# GIVEN DATA:
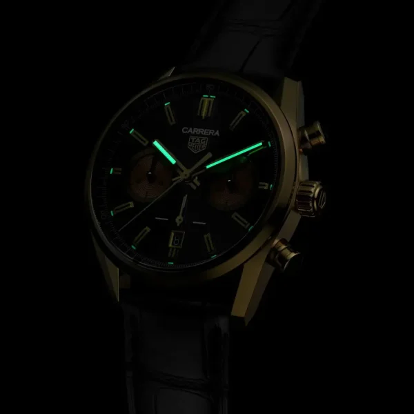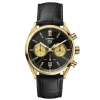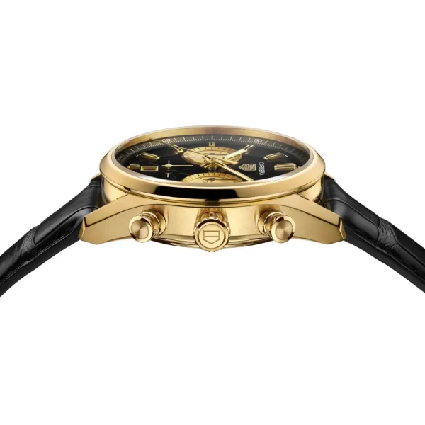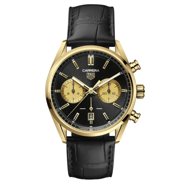 DescriptionIn a stunning black and 18K 3N yellow gold execution, this TAG Heuer Carrera Chronograph takes inspiration from an iconic racing livery to reinforce the collection’s connection to motorsport. Inspired by the Maison’s legendary designs like an inverted version of the famed Heuer reference 1158 CHN, this 42mm 18K 3N yellow gold chronograph will overcome any challenge in style. The black sunray brushed dial is given an edge of striking luxury with the 18K 3N plated yellow gold chronograph counters, hour markers and hands. Visible through the clear case back, the in-house Calibre Heuer 02, a column-wheel chronograph, shows a black oscillating mass.
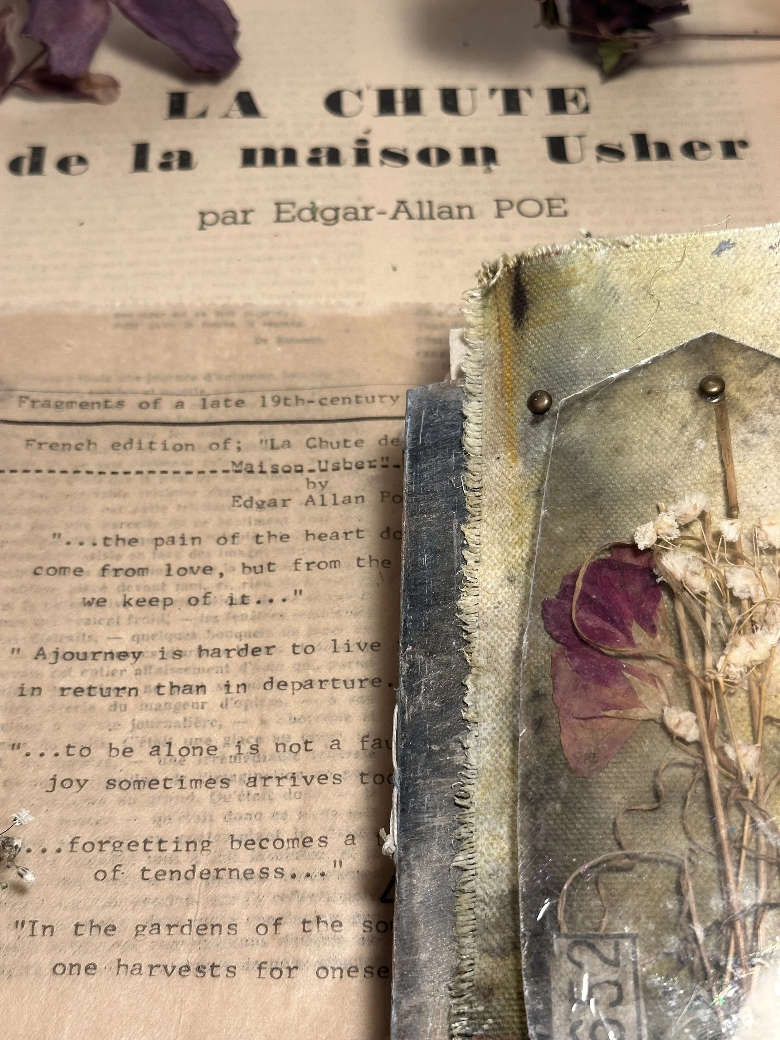 I didn’t meet Edgar-Allan Poe, not really. But I met him the way artists do—through fragments, through touch, through a sentence that refuses to stay quiet. I was at my table assembling a piece built around “La Chute de la Maison Usher”. His name. His words. His house.I didn’t know, when I began, what the day would hold. The same day…just hours later, my husband’s family farm burned down. (all were safe but the sadness sifted in…)
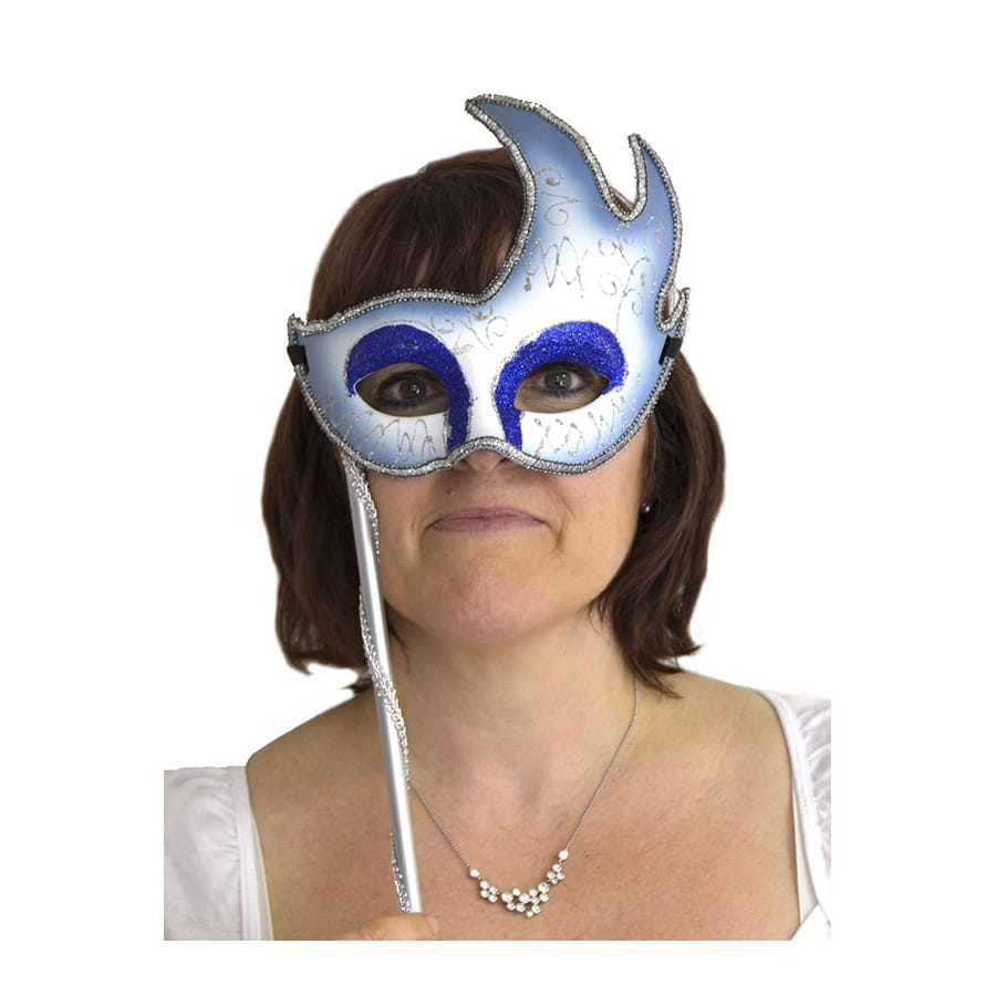 Si vous allez assister à un simple bal masqué, nul besoin d'avoir un de ces masques extravagants. Un loup face à main que vous pourriez poser dès que l'envie vous en prendra fera l'affaire. Ce loup, que nous avons ici, est chic mais sans excès. Il est de couleur bleu dégradé jusqu'au blanc, avec des petits ornements en paillettes argentées. Le manche est également argenté. Sa dimension est de 34 cm.
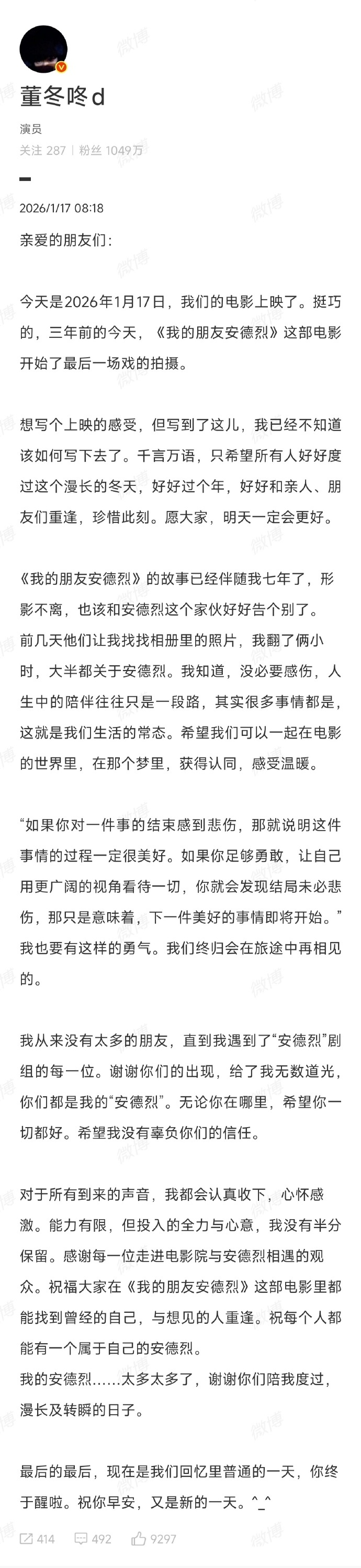 董子健好细腻的文字 董子健关于《我的朋友安德烈》上映的这条微博看得我眼睛湿湿的,情感真的好丰富的一篇文字,能够从字里行间感受到他对电影的用心以及期待啊,希望大家都可以看一下然后给出反馈
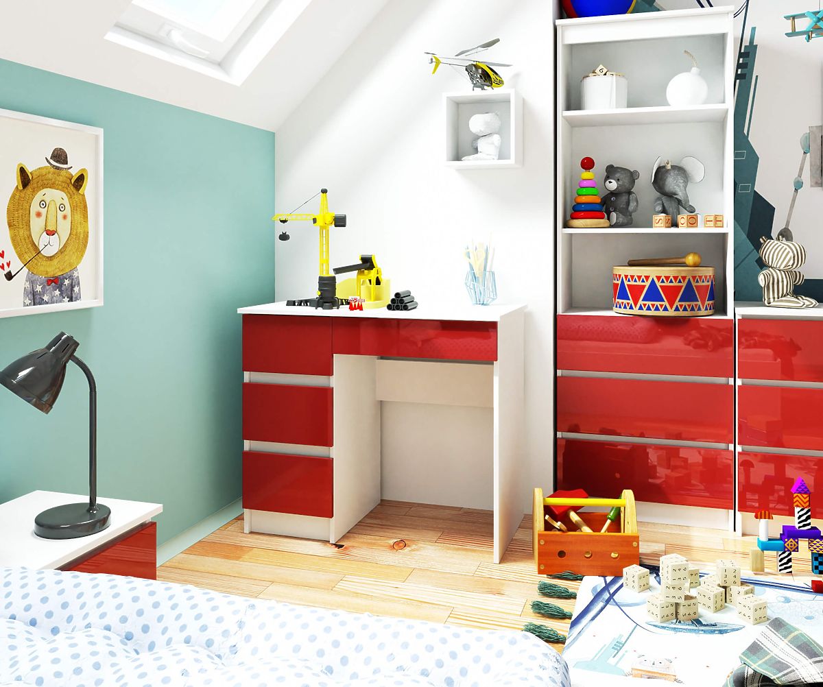 Niezwykły kolor biurka przyciąga uwagę, a jego funkcjonalność zapewnia, że produkt spełni oczekiwania nawet najbardziej wymagających użytkowników. Mebel łączy biały korpus z efektownymi czerwonymi, błyszczącymi frontami, co czyni biurko wyjątkowym. Jest to odpowiedni wybór do małych przestrzeni dzięki kompaktowym wymiarom konstrukcji. Biurko komputerowe A-7 90 cm (lewe) składa się z czterech szuflad. Znajdzie zastosowanie przede wszystkim w pokojach dziecięcych i młodzieżowych, ale także w nowocześnie urządzonych biurach.
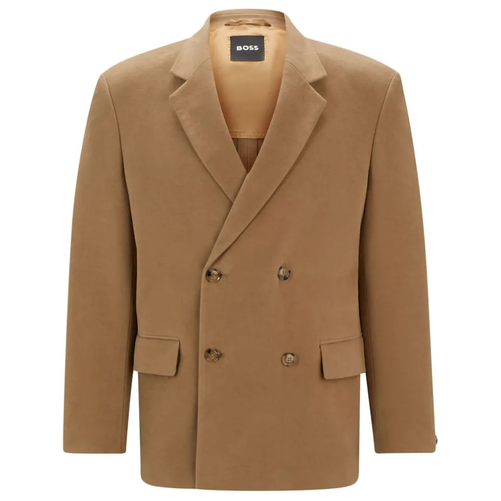 A double-breasted jacket in a relaxed fit by BOSS Menswear. This fully lined piece is crafted in peached cotton with a twill weave.
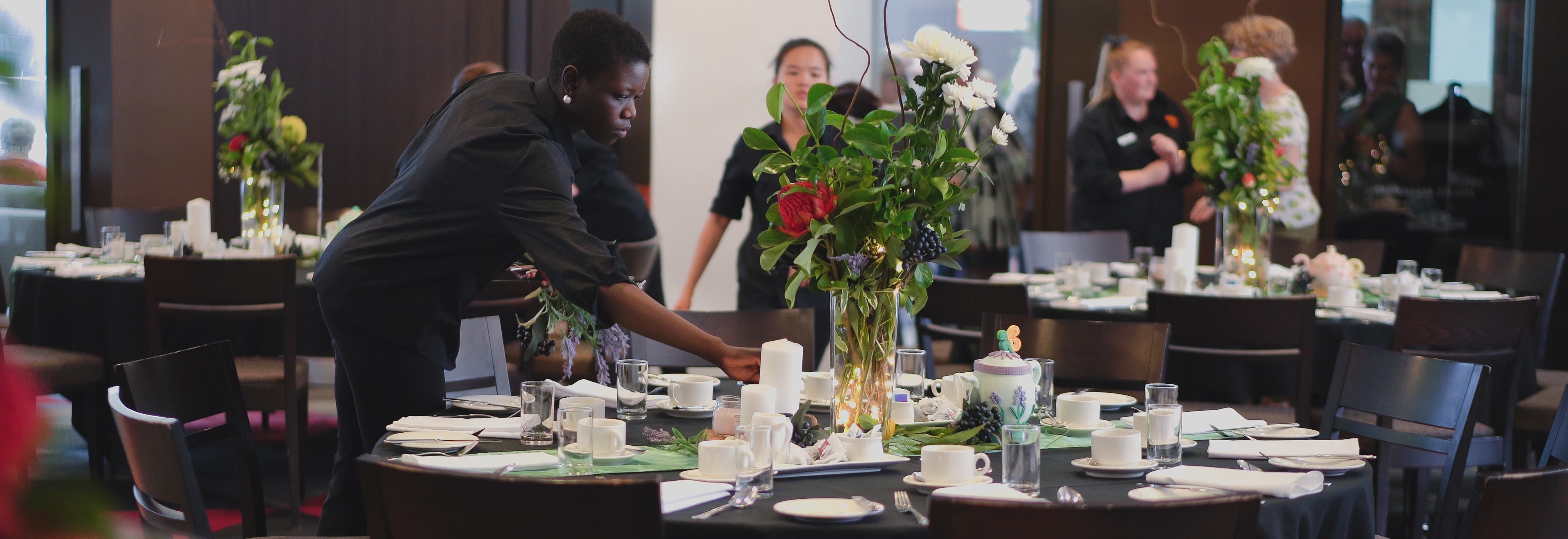 The learning experience extends beyond the kitchen with hospitality students also gaining experience running the front of house service including wine matching, mixing cocktails and fine dining customer service. Diploma for Event Management students are also often involved with the front-of-house experience including event styling.
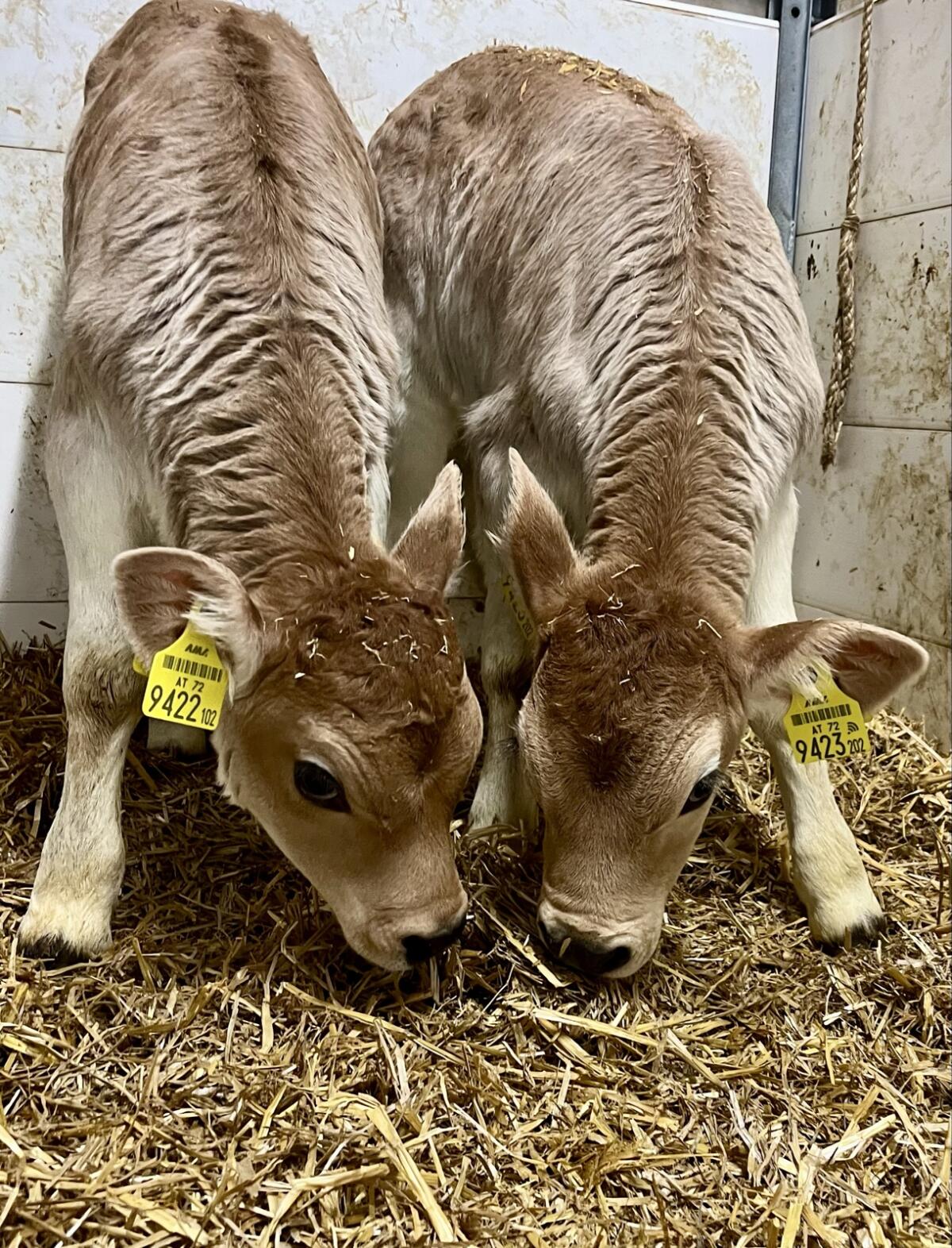 Verkaufen unser Kuhkalb, Bio, Zwillingspärchen „Emily&Emma“, beide topfit, trinken gut und gleichzeitig, Geb.: 06.02.2026, Vater: Goldberger, Gegen Aufpreis auch SNP-Typisierung möglich, Preis auf Anfrage.

# REQUIRED WORK:
Once the pictures are set aside, write out the entries verbatim.

# FINISHED TASK:
 DescriptionIn a stunning black and 18K 3N yellow gold execution, this TAG Heuer Carrera Chronograph takes inspiration from an iconic racing livery to reinforce the collection’s connection to motorsport. Inspired by the Maison’s legendary designs like an inverted version of the famed Heuer reference 1158 CHN, this 42mm 18K 3N yellow gold chronograph will overcome any challenge in style. The black sunray brushed dial is given an edge of striking luxury with the 18K 3N plated yellow gold chronograph counters, hour markers and hands. Visible through the clear case back, the in-house Calibre Heuer 02, a column-wheel chronograph, shows a black oscillating mass.
 I didn’t meet Edgar-Allan Poe, not really. But I met him the way artists do—through fragments, through touch, through a sentence that refuses to stay quiet. I was at my table assembling a piece built around “La Chute de la Maison Usher”. His name. His words. His house.I didn’t know, when I began, what the day would hold. The same day…just hours later, my husband’s family farm burned down. (all were safe but the sadness sifted in…)
 Si vous allez assister à un simple bal masqué, nul besoin d'avoir un de ces masques extravagants. Un loup face à main que vous pourriez poser dès que l'envie vous en prendra fera l'affaire. Ce loup, que nous avons ici, est chic mais sans excès. Il est de couleur bleu dégradé jusqu'au blanc, avec des petits ornements en paillettes argentées. Le manche est également argenté. Sa dimension est de 34 cm.
 董子健好细腻的文字 董子健关于《我的朋友安德烈》上映的这条微博看得我眼睛湿湿的,情感真的好丰富的一篇文字,能够从字里行间感受到他对电影的用心以及期待啊,希望大家都可以看一下然后给出反馈
 Niezwykły kolor biurka przyciąga uwagę, a jego funkcjonalność zapewnia, że produkt spełni oczekiwania nawet najbardziej wymagających użytkowników. Mebel łączy biały korpus z efektownymi czerwonymi, błyszczącymi frontami, co czyni biurko wyjątkowym. Jest to odpowiedni wybór do małych przestrzeni dzięki kompaktowym wymiarom konstrukcji. Biurko komputerowe A-7 90 cm (lewe) składa się z czterech szuflad. Znajdzie zastosowanie przede wszystkim w pokojach dziecięcych i młodzieżowych, ale także w nowocześnie urządzonych biurach.
 A double-breasted jacket in a relaxed fit by BOSS Menswear. This fully lined piece is crafted in peached cotton with a twill weave.
 The learning experience extends beyond the kitchen with hospitality students also gaining experience running the front of house service including wine matching, mixing cocktails and fine dining customer service. Diploma for Event Management students are also often involved with the front-of-house experience including event styling.
 Verkaufen unser Kuhkalb, Bio, Zwillingspärchen „Emily&Emma“, beide topfit, trinken gut und gleichzeitig, Geb.: 06.02.2026, Vater: Goldberger, Gegen Aufpreis auch SNP-Typisierung möglich, Preis auf Anfrage.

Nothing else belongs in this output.